The problem — Transcribe the data below verbatim from the line with "만성기 (대부분 여기에" to the line with "Papier Teller mit". Include both of those lines.

Information provided —
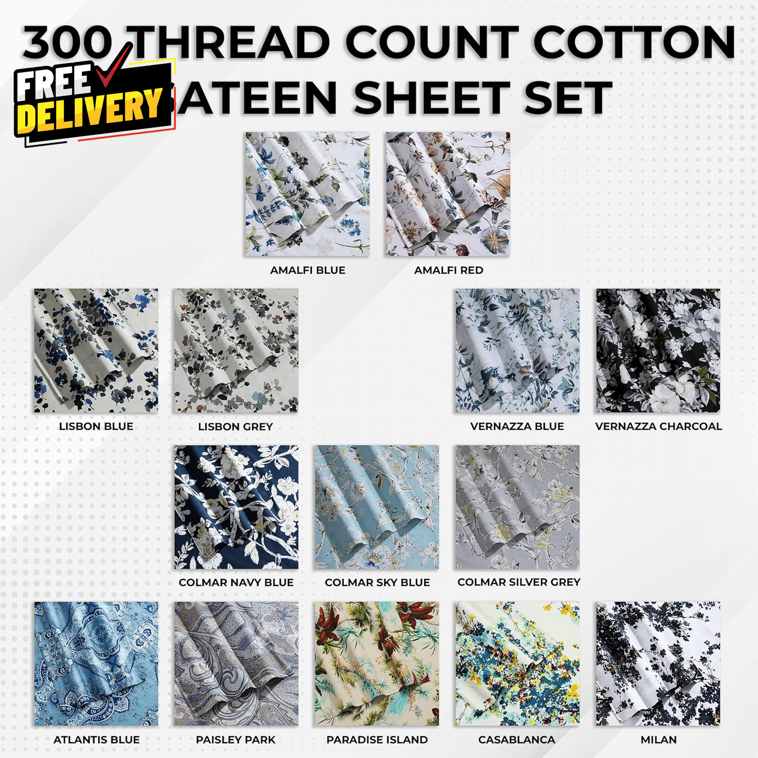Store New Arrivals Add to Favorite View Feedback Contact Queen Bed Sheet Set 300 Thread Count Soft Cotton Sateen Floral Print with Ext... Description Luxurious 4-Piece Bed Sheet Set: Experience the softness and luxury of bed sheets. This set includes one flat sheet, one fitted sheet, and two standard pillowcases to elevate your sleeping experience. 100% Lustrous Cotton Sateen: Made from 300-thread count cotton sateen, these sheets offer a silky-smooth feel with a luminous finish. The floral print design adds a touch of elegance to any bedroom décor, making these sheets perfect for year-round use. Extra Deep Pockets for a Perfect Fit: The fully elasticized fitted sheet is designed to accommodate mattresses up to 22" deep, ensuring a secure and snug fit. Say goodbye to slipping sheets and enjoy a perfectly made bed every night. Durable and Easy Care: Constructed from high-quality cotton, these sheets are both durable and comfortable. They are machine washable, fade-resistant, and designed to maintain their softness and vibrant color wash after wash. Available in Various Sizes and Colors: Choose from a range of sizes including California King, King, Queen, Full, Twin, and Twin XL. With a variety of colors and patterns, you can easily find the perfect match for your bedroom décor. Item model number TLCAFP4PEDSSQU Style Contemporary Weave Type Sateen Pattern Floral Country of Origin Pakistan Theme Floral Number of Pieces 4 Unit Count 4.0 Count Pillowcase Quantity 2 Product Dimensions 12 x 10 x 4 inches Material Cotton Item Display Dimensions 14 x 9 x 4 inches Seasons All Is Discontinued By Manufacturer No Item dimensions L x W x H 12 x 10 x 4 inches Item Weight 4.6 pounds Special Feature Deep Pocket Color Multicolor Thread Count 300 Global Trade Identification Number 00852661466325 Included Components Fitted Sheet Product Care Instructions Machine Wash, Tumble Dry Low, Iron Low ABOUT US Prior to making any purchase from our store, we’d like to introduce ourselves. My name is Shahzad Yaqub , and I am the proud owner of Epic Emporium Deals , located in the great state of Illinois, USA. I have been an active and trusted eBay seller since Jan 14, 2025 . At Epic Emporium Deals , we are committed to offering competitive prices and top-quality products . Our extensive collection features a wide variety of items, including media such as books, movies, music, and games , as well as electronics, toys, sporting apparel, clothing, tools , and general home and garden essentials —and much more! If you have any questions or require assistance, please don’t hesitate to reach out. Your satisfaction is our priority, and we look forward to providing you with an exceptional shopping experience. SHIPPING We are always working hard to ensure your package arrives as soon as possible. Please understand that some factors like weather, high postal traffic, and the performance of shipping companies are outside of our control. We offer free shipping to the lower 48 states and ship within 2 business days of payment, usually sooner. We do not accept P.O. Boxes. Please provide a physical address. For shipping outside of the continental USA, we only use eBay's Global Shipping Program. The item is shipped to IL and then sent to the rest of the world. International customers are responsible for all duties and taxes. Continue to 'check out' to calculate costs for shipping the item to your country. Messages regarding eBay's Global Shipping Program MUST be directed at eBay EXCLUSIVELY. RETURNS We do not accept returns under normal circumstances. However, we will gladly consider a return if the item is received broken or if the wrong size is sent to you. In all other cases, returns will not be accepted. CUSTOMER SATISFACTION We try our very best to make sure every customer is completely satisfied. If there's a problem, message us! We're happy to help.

--

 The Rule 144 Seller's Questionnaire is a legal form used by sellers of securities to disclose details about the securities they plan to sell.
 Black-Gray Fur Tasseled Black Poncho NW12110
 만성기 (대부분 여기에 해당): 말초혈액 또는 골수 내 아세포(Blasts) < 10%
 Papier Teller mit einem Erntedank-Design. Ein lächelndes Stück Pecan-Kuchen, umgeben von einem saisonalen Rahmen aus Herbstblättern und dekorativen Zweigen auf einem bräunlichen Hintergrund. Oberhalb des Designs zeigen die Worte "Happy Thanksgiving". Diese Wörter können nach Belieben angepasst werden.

==

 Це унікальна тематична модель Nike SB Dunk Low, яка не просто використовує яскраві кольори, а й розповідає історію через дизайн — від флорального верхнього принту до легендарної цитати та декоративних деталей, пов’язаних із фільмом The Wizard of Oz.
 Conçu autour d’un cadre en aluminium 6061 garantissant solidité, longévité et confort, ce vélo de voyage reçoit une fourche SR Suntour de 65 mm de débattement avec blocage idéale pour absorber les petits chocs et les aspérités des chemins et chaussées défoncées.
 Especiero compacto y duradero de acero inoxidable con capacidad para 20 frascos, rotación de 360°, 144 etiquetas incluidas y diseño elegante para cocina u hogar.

Reply to the task —
 만성기 (대부분 여기에 해당): 말초혈액 또는 골수 내 아세포(Blasts) < 10%
 Papier Teller mit einem Erntedank-Design. Ein lächelndes Stück Pecan-Kuchen, umgeben von einem saisonalen Rahmen aus Herbstblättern und dekorativen Zweigen auf einem bräunlichen Hintergrund. Oberhalb des Designs zeigen die Worte "Happy Thanksgiving". Diese Wörter können nach Belieben angepasst werden.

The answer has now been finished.